Jayadevan M wrote:
It is mentioned that table data blocks have data about tuple visibility and hence table scans are always necessary. So how does PostgreSQL reduce the number of blocks to be read by using indexes?
To be useful, a query utilizing an index must be selective: it must only return a fraction of the possible rows in the table. Scanning the index will produce a list of blocks that contain the potentially visible data, then only those data blocks will be retrieved and tested for visibility.

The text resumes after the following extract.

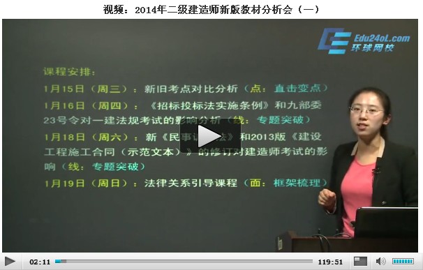 2014年二建新教材分析會 N0.1 1月15日(晚上19:00--21:00) 2014年二建新教材分析會 N0.2 1月16日(晚上19:00--21:00) 2014年二建新教材分析會 N0.3 1月18日(下午15:00--17:00) 2014年二建新教材分析會 N0.4 1月19日(下午15:00--17:00)
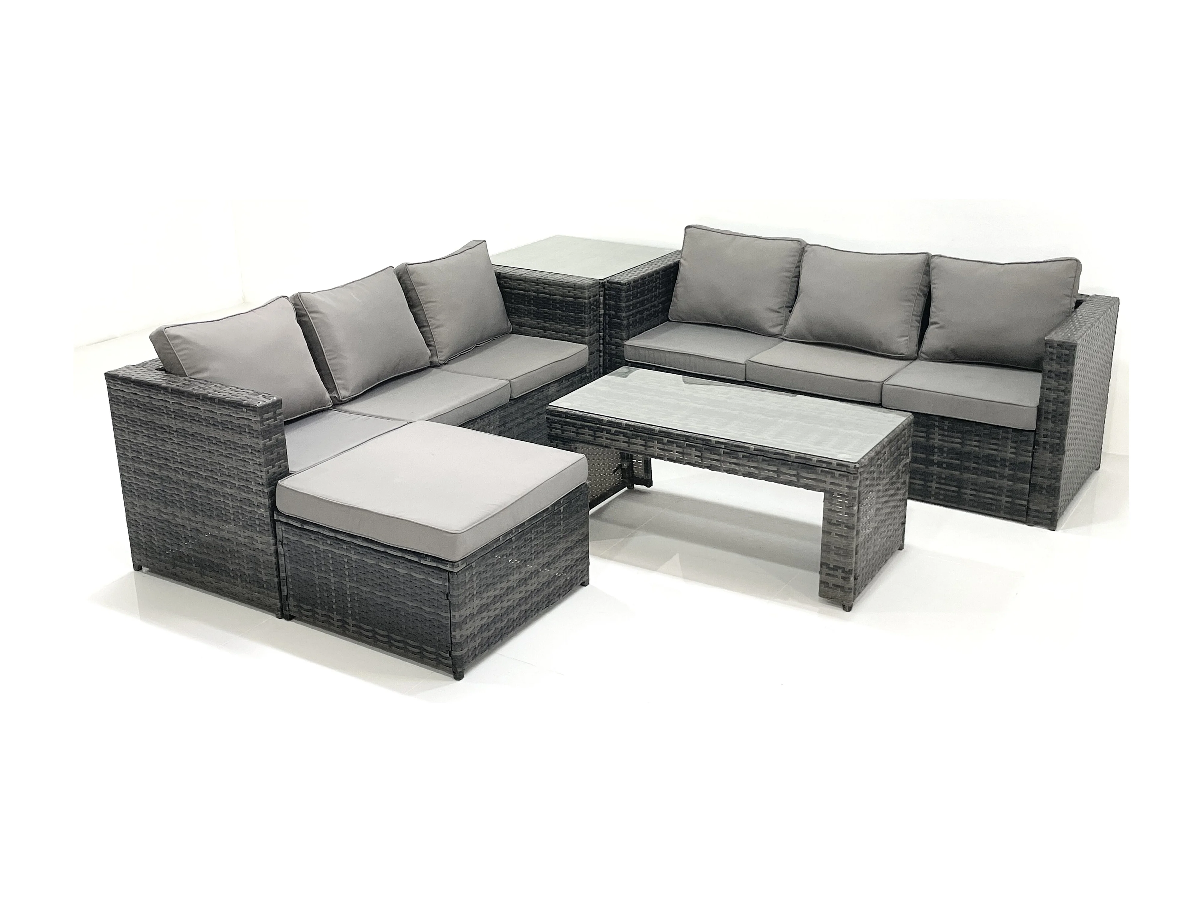 Salon de Jardin Extérieur avec Canapé Table basse Grand tabouret Table d'appoint Gris foncé mixte

Let's say you have a table that's 100 pages (pages are 8KB) and an index that's 50 pages against it. You run a query that only selects 5% of the rows in the table, from a continuous section. Very rough estimate, it will look at 5% * 50 = 3 index pages. Those will point to a matching set of 5% * 100 = 5 data pages. Now you've just found the right subset of the data by only retrieving 8 random pages of data instead of 100. With random_page_cost=4.0, that would give this plan a cost of around 32, while the sequential scan one would cost 100 * 1.0 (sequential accesses) for a cost of around 100 (Both of them would also have some smaller row processing cost added in there too).

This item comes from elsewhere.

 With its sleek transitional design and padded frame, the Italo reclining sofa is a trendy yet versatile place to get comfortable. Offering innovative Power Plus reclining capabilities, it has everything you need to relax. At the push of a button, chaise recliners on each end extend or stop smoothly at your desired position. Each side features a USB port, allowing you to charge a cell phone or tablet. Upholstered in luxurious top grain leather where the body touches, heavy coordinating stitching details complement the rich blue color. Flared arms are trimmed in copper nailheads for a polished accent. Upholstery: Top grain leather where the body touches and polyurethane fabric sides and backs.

It's actually a bit more complicated than that--the way indexes are built means you can't just linearly estimate their usage, and scans of non-contiguous sections are harder to model simply--but that should give you an idea. Only when using the index significantly narrows the number of data pages expected will it be an improvement over ignoring the index and just scanning the whole table.

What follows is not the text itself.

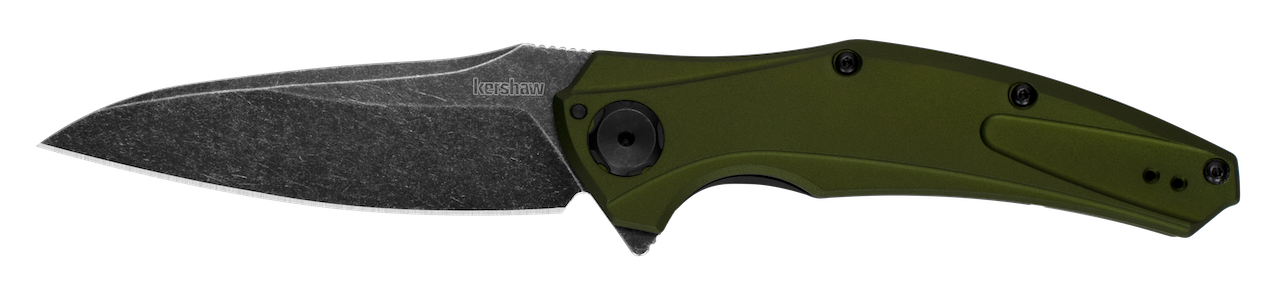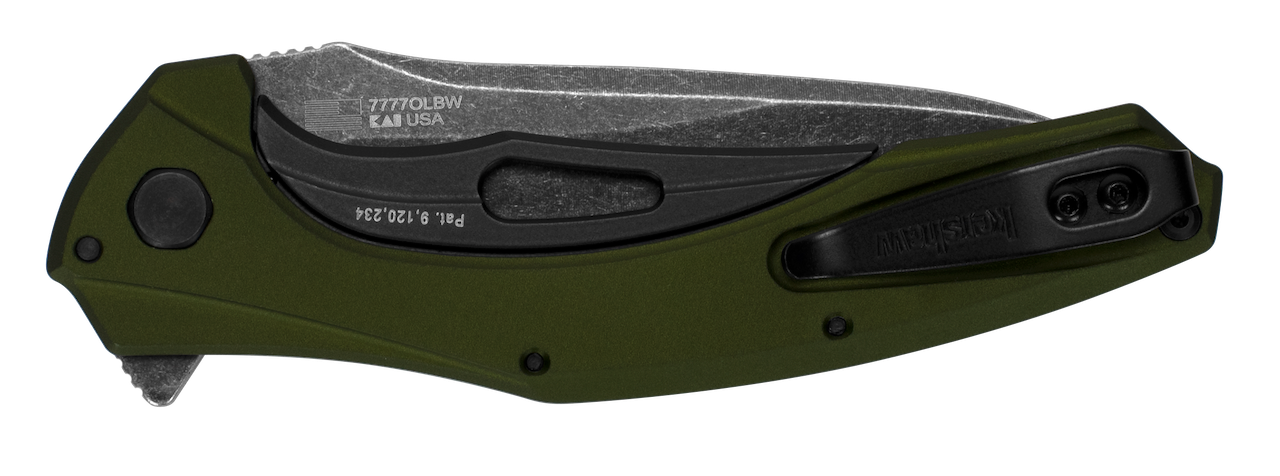This Kershaw Knives B-Knuckle Sub-Frame Lock knife utilizes a 3 5/8" Locking Curved Wharncliffe(w/ Finger Lever) blade. The blade material is Sandvik 14C28N Stainless Steel with stonewashed finish. The handle is Olive anodized 6061-T6 Aluminum with reversible pocket clip. It's around 4 3/4 inches long (folded/closed) and weighs approximately 3.6 ounces.

If the expected use of the index was only 20% selective for another query, you'd be getting 20% * 50 = 10 index pages, 20% * 100 = 20 data pages, for a potential total of 30 random page lookups. That could end up costing 30 * 4.0 = 120, higher than the sequential scan. Usually the breakpoint for how much of a table has to be scanned before just scanning the whole thing sequentially is considered cheaper happens near 20% of it, and you can shift it around by adjusting random_page_cost. Make it lower, and you can end up preferring index scans even for 30 or 40% of a table.
Do index data get updated as and when data is committed and made 'visible' or is it that index data get updated as soon as data is changed, before commit is issued and rollback of transaction results in a rollback of the index data
Index changes happen when the data goes into the table, including situations where it might not be committed. The index change doesn't ever get deferred to commit time, like you can things like foreign key checks. When a transaction is rolled back, the aborted row eventually gets marked as dead by vacuum, at which point any index records pointing to it can also be cleaned up.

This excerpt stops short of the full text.